Exercise directions: The reply should hold every entry exactly as written and none of the pictures.

Segment Start: Extracted records

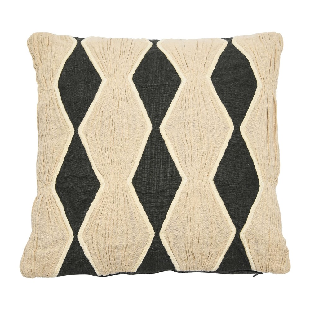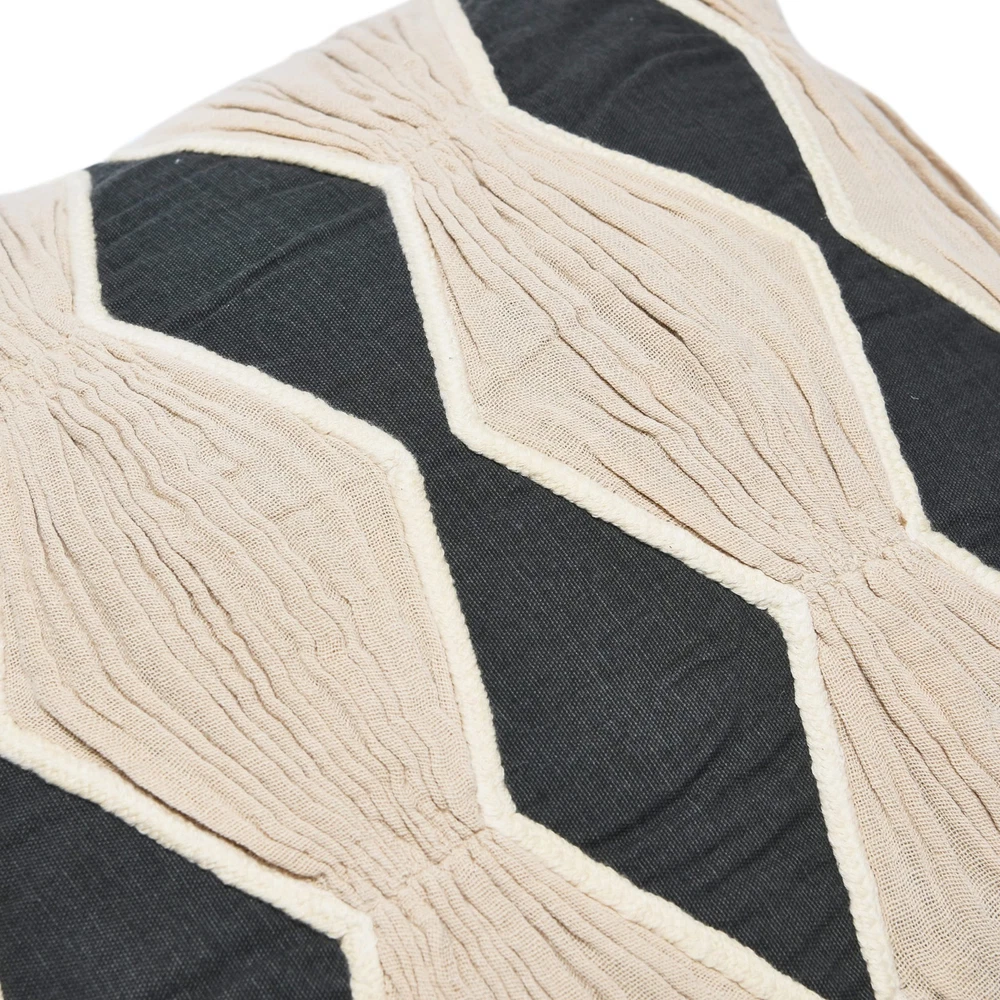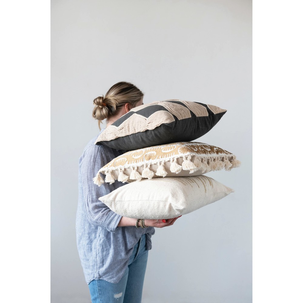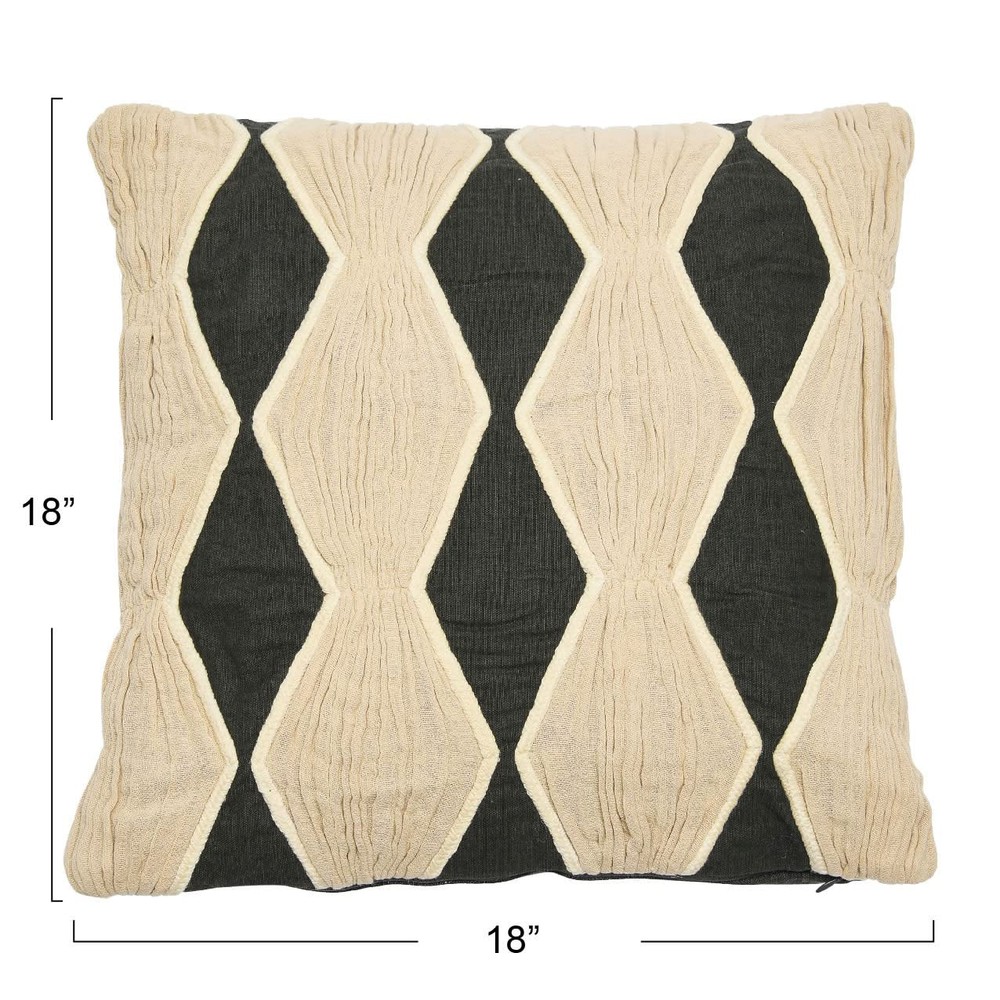 Add depth and personal style to any bed, chaise, or loveseat with a thoughtfully crafted throw pillow; Each plush accent features a variety of prints, embroideries, and textures, carefully curated to enhance any interior design scheme This contemporary, textured throw pillow features an embroidered geometric pattern and delicate applique on cotton Square and tan throw pillow with embroidered pattern on cotton; chambray on back Express your constantly evolving style with the simple addition of this eye-catching pillow Removable cotton throw pillow cover and insert; in seam zipper closure; Hand wash, do not bleach, do not tumble dry, do not dry clean, medium iron (do not iron on trim) Pillow measures 18" L x 18" W x 2" H
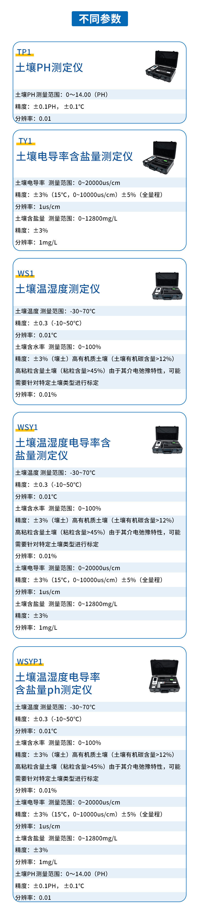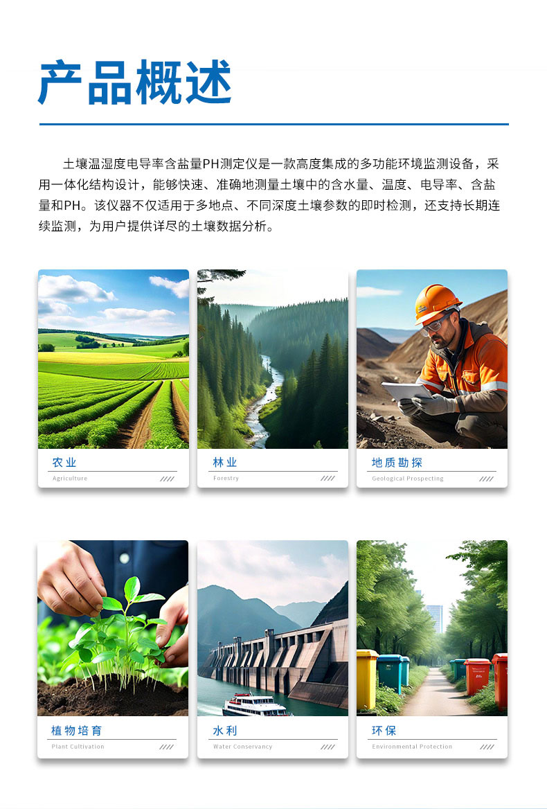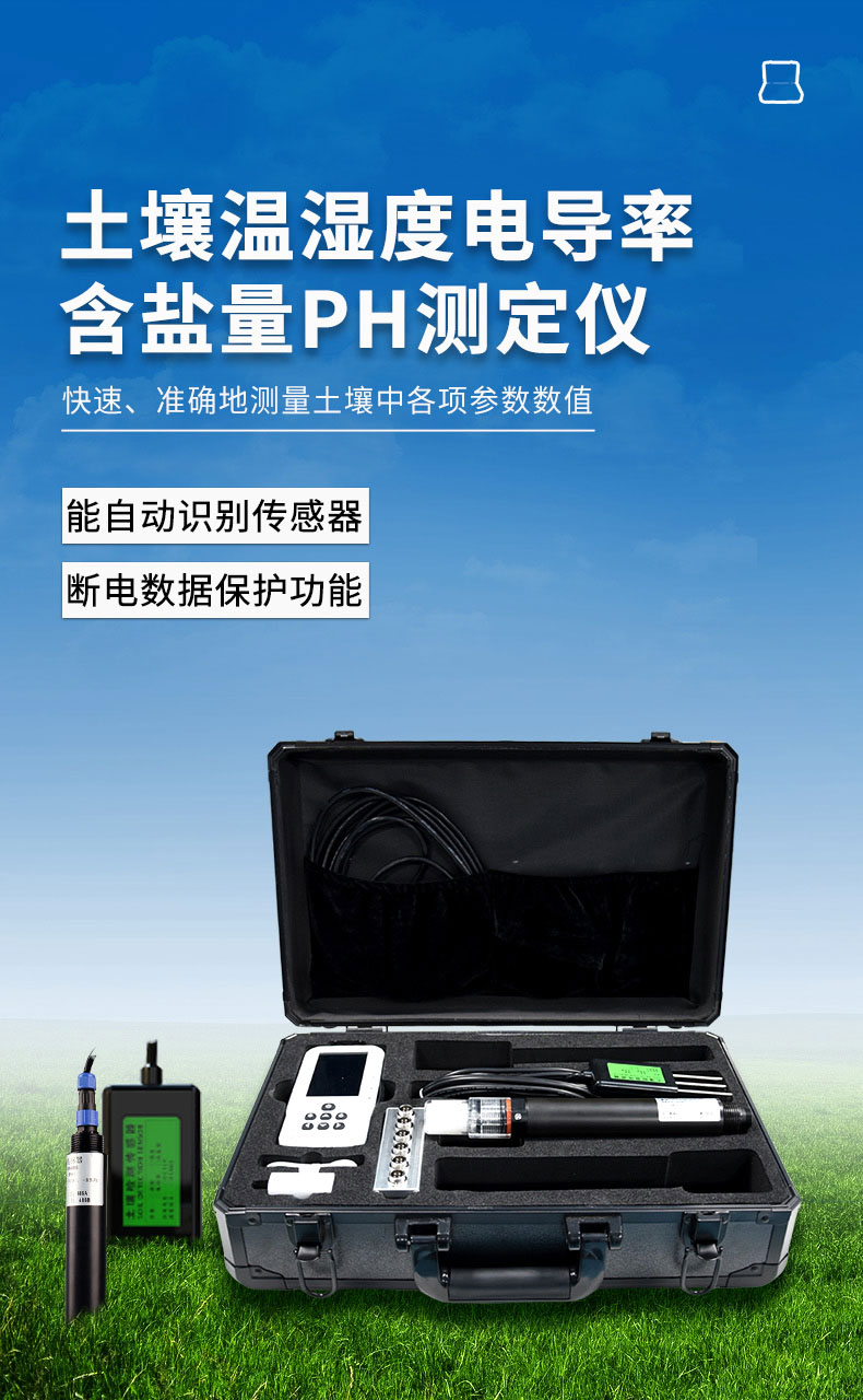 【产品简介】一、土壤温湿度电导率含盐量PH测定仪产品简介土壤温湿度电导率含盐量PH测定仪是一款高度集成的多功能环境监测设备,采用一体化结构设计,能够快速、准确地测量土壤中的含水量、温度、电导率···
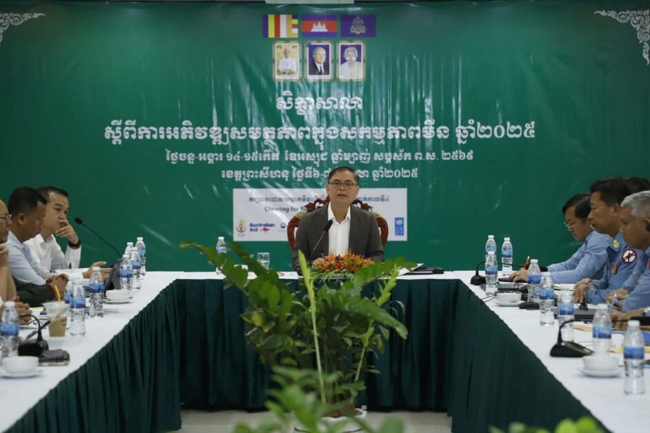 ខេត្តព្រះសីហនុ៖ ថ្ងៃទី ៦-៧ ខែតុលា ឆ្នាំ២០២៥ ឯកឧត្តមបណ្ឌិត គាំ រីបូន អនុប្រធានអាជ្ញាធរមីន បានដឹកនាំសិក្ខាសាលា ស្តីពីការអភិវឌ្ឍសមត្ថភាព ក្នុងសកម្មភាពមីនដែលមានសមាសភាពចូលរួមពី អាជ្ញាធរមីន តំណាងកងទ័ពជើងគោក CMAC, NPMEC, HALO Trust, NPA, CSHD, APOPO, MAG, UNDP និង ARMAC។
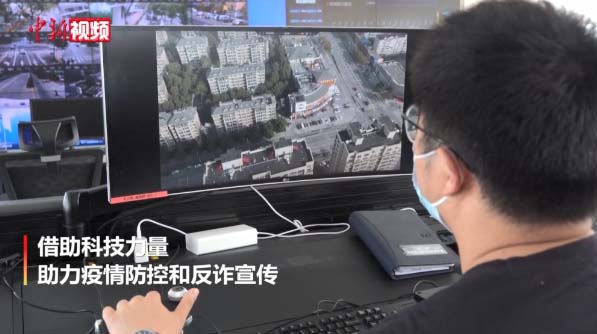 据了解,该无人机是金山公安分局专门调取的警用无人机,借助科技力量助力疫情防控和反诈宣传。(李秋莹 制作 周璟)
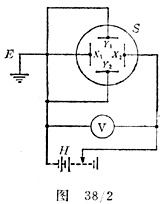 照图38/2组装电路,其中H是可变高压电源,V是电压表,S是荧光屏,X1、X2、Y1和Y2是偏转板,E是接地电极。
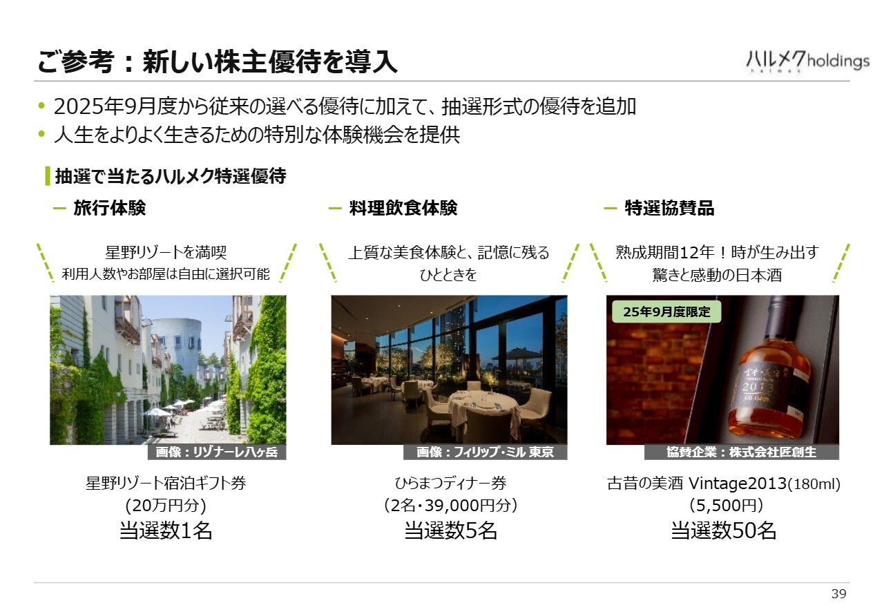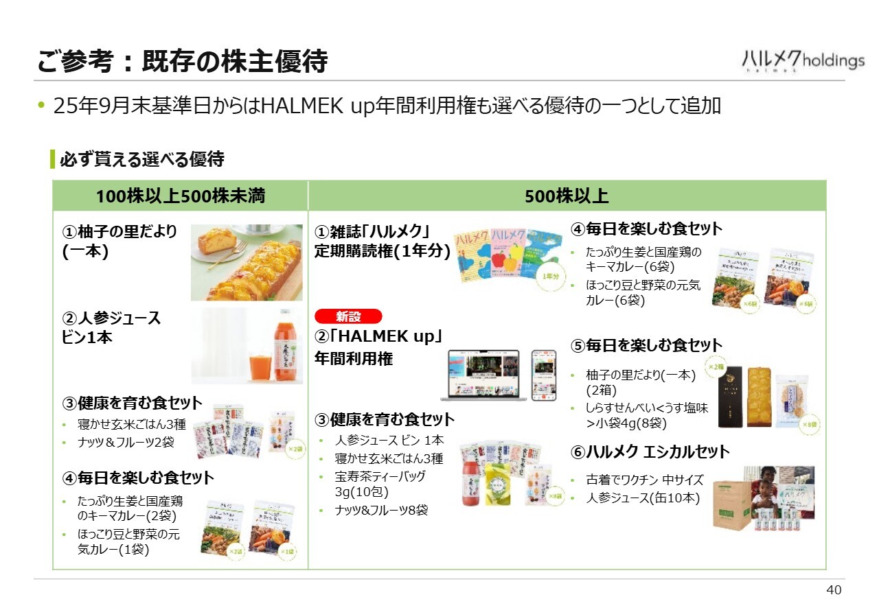 持株数に応じて全員が得られる株主優待についても、さまざまな改善を加えています。特に今年の大きな変更点として、500株以上を保有されている方々に「HALMEK up」というデジタル情報サービスを1年間利用できる特典を追加しています。

Segment End: Extracted records

Written answer:
 Add depth and personal style to any bed, chaise, or loveseat with a thoughtfully crafted throw pillow; Each plush accent features a variety of prints, embroideries, and textures, carefully curated to enhance any interior design scheme This contemporary, textured throw pillow features an embroidered geometric pattern and delicate applique on cotton Square and tan throw pillow with embroidered pattern on cotton; chambray on back Express your constantly evolving style with the simple addition of this eye-catching pillow Removable cotton throw pillow cover and insert; in seam zipper closure; Hand wash, do not bleach, do not tumble dry, do not dry clean, medium iron (do not iron on trim) Pillow measures 18" L x 18" W x 2" H
 【产品简介】一、土壤温湿度电导率含盐量PH测定仪产品简介土壤温湿度电导率含盐量PH测定仪是一款高度集成的多功能环境监测设备,采用一体化结构设计,能够快速、准确地测量土壤中的含水量、温度、电导率···
 ខេត្តព្រះសីហនុ៖ ថ្ងៃទី ៦-៧ ខែតុលា ឆ្នាំ២០២៥ ឯកឧត្តមបណ្ឌិត គាំ រីបូន អនុប្រធានអាជ្ញាធរមីន បានដឹកនាំសិក្ខាសាលា ស្តីពីការអភិវឌ្ឍសមត្ថភាព ក្នុងសកម្មភាពមីនដែលមានសមាសភាពចូលរួមពី អាជ្ញាធរមីន តំណាងកងទ័ពជើងគោក CMAC, NPMEC, HALO Trust, NPA, CSHD, APOPO, MAG, UNDP និង ARMAC។
 据了解,该无人机是金山公安分局专门调取的警用无人机,借助科技力量助力疫情防控和反诈宣传。(李秋莹 制作 周璟)
 照图38/2组装电路,其中H是可变高压电源,V是电压表,S是荧光屏,X1、X2、Y1和Y2是偏转板,E是接地电极。
 持株数に応じて全員が得られる株主優待についても、さまざまな改善を加えています。特に今年の大きな変更点として、500株以上を保有されている方々に「HALMEK up」というデジタル情報サービスを1年間利用できる特典を追加しています。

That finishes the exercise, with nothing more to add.